We can then apply an operation conditional on the groups.
(-> preprocessed-trips
(tc/group-by [:rideable-type])
(tc/mean :duration-in-minutes))_unnamed [3 2]:
| :rideable-type | summary |
|---|---|
| electric_bike | 11.76538409 |
| classic_bike | 18.54251022 |
| docked_bike | 143.70773039 |
More generally, we can use tc/aggregate to apply an arbitrary summary function.
How does bike usage change throughout the day?
Let us see how the number of trips and their median length change by the hour.

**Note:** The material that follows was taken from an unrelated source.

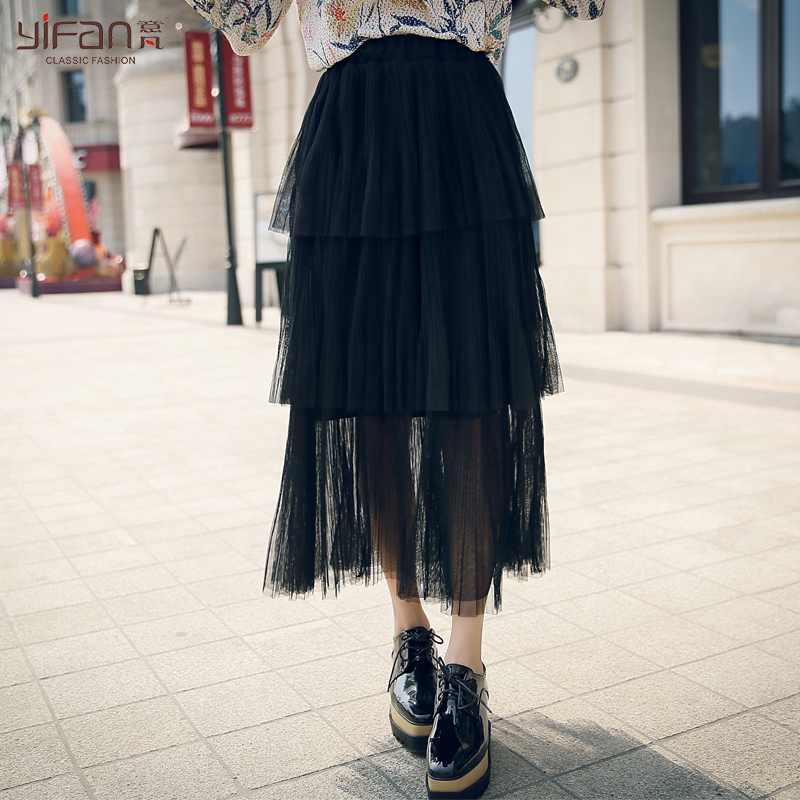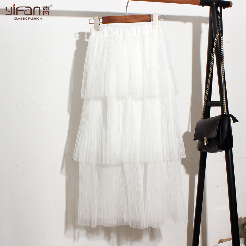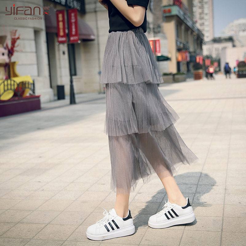 / 韓版夏裝新款紗網百褶鏤空百搭半身裙女裝大擺高腰中裙

Let us group the trips by the hour:
(-> preprocessed-trips
(tc/group-by [:hour])
(print/print-range 5))_unnamed [24 3]:
| :name | :group-id | :data |
|---|---|---|
| {:hour 8} | 0 | Group: {:hour 8} [22170 7]: |
| {:hour 11} | 1 | Group: {:hour 11} [20593 7]: |
| … | … | … |
| {:hour 23} | 21 | Group: {:hour 23} [7327 7]: |
| {:hour 6} | 22 | Group: {:hour 6} [8863 7]: |
| {:hour 5} | 23 | Group: {:hour 5} [2802 7]: |
Now, we can aggregate over the groups to receive a summary. The resulting summary dataset will no longer be a grouped dataset. We will order the summary by the hour.
(-> preprocessed-trips
(tc/group-by [:hour])
(tc/aggregate {:n-trips tc/row-count
:median-duration (fn [ds]
(tcc/median (:duration-in-seconds ds)))})
(tc/order-by [:hour])
(print/print-range :all))_unnamed [24 3]:
| :hour | :n-trips | :median-duration |
|---|---|---|
| 0 | 5111 | 487.0 |
| 1 | 3235 | 478.0 |
| 2 | 1874 | 461.0 |
| 3 | 1165 | 491.0 |
| 4 | 950 | 452.0 |
| 5 | 2802 | 394.0 |
| 6 | 8863 | 434.0 |
| 7 | 17065 | 473.0 |
| 8 | 22170 | 472.0 |
| 9 | 17316 | 466.0 |
| 10 | 17489 | 510.0 |
| 11 | 20593 | 519.0 |
| 12 | 24050 | 536.0 |
| 13 | 24837 | 560.0 |
| 14 | 25900 | 585.0 |
| 15 | 30730 | 574.0 |
| 16 | 40374 | 590.0 |
| 17 | 46889 | 597.0 |
| 18 | 38281 | 578.0 |
| 19 | 27107 | 537.0 |
| 20 | 17252 | 505.0 |
| 21 | 14388 | 502.0 |
| 22 | 10822 | 508.0 |
| 23 | 7327 | 485.0 |
We can see a peak of usage between 17:00 to 18:00 and a possibly slight tendency for longer trips (in time) around the afternoon hours.
For further examples of summarizing, see the Tablecloth aggregate documentation.